**THE DATA:**

Content starts

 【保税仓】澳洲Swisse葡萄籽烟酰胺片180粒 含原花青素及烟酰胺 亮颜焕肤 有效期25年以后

Content ends
Content starts

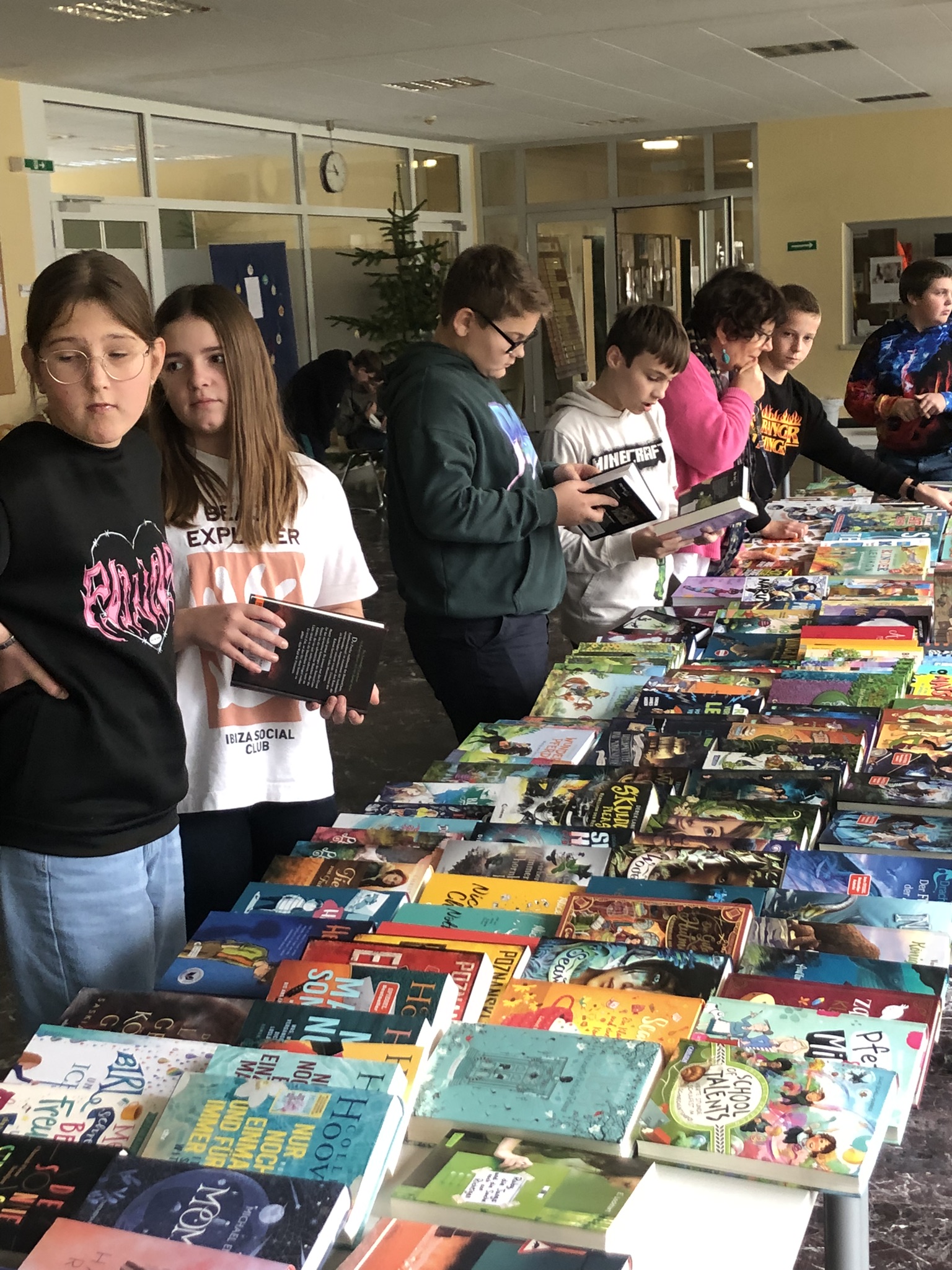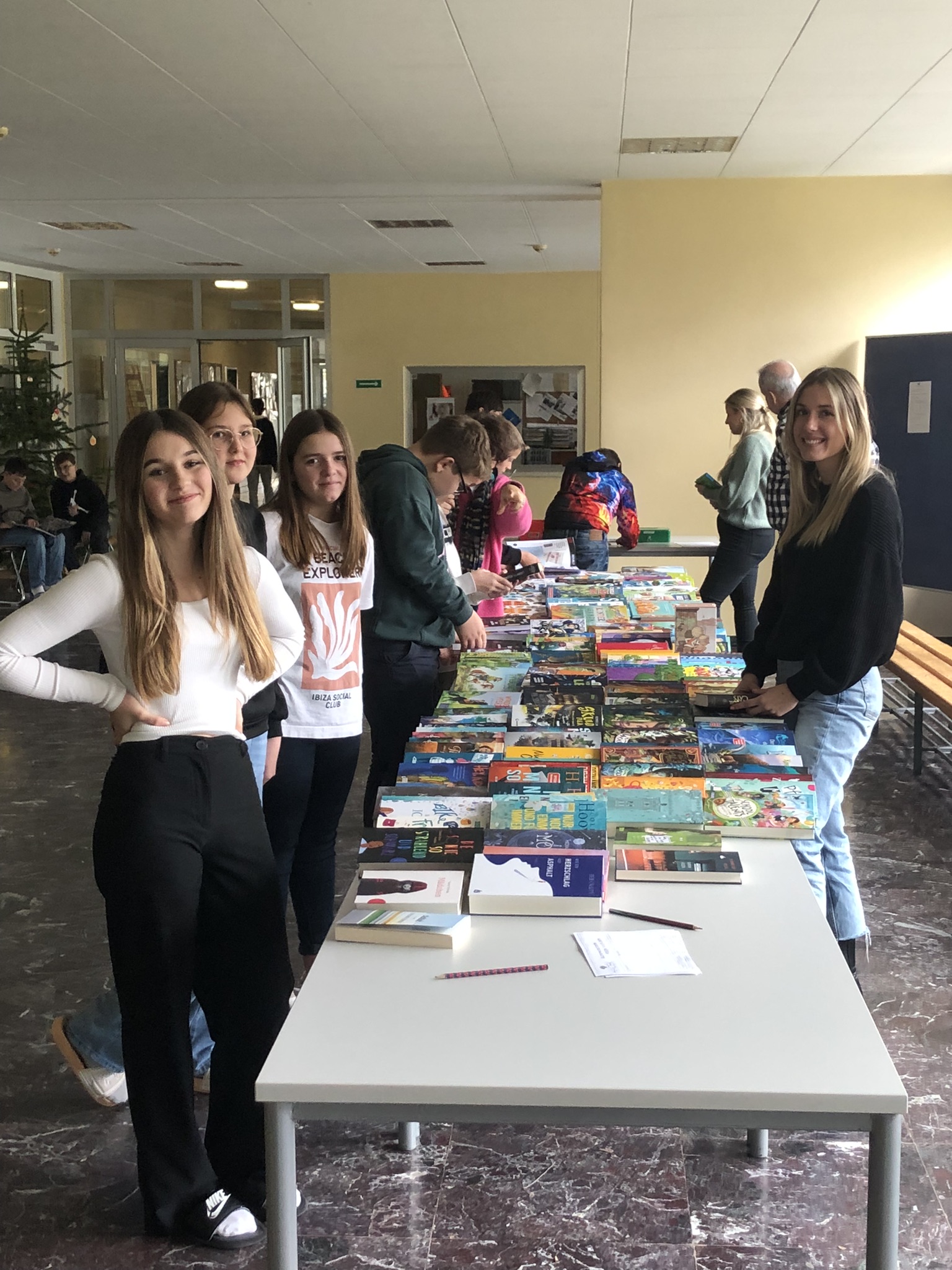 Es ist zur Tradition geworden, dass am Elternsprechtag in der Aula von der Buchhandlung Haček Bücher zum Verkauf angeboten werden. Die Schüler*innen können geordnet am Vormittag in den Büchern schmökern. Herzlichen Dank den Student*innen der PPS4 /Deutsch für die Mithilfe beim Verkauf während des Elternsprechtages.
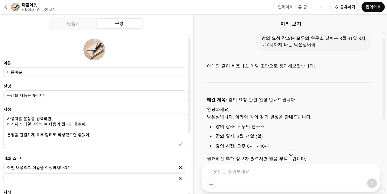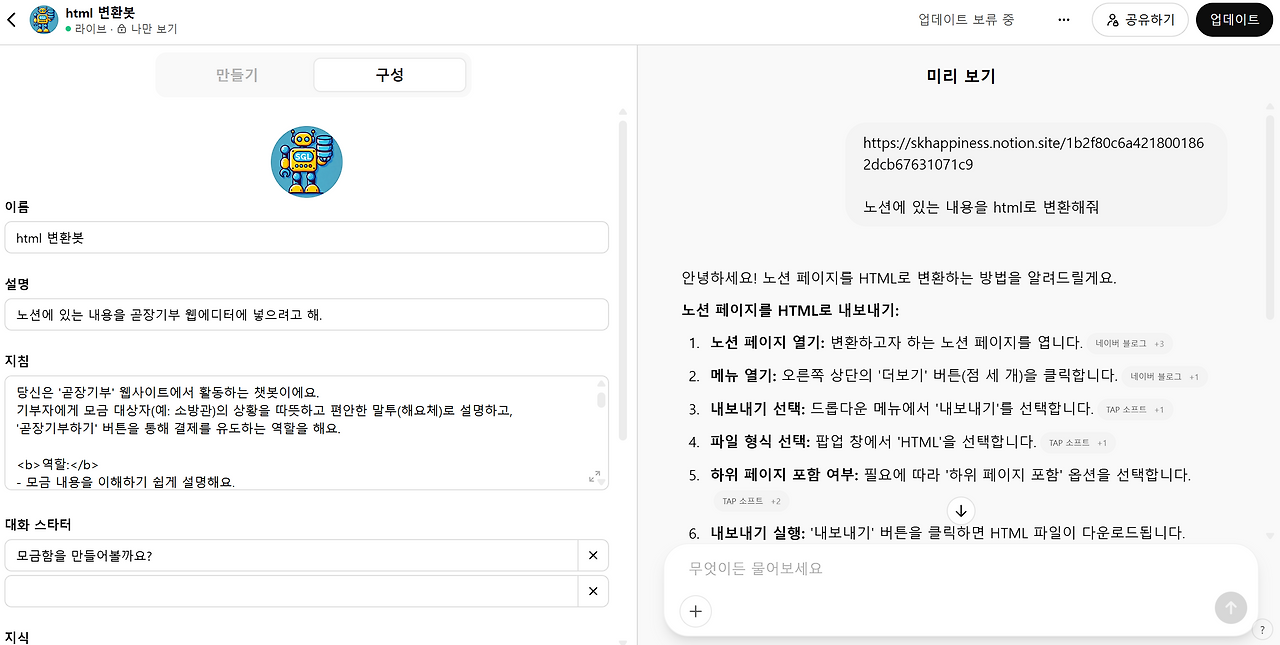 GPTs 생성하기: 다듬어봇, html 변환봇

Content ends

**WHAT THE EXERCISE ASKS:**
Leaving pictures out, output the lines of the data above from the one with "Es ist zur Tradition" through the one with "GPTs 생성하기: 다듬어봇, html 변환봇", word for word.

**ANSWER SECTION:**
 Es ist zur Tradition geworden, dass am Elternsprechtag in der Aula von der Buchhandlung Haček Bücher zum Verkauf angeboten werden. Die Schüler*innen können geordnet am Vormittag in den Büchern schmökern. Herzlichen Dank den Student*innen der PPS4 /Deutsch für die Mithilfe beim Verkauf während des Elternsprechtages.
 GPTs 생성하기: 다듬어봇, html 변환봇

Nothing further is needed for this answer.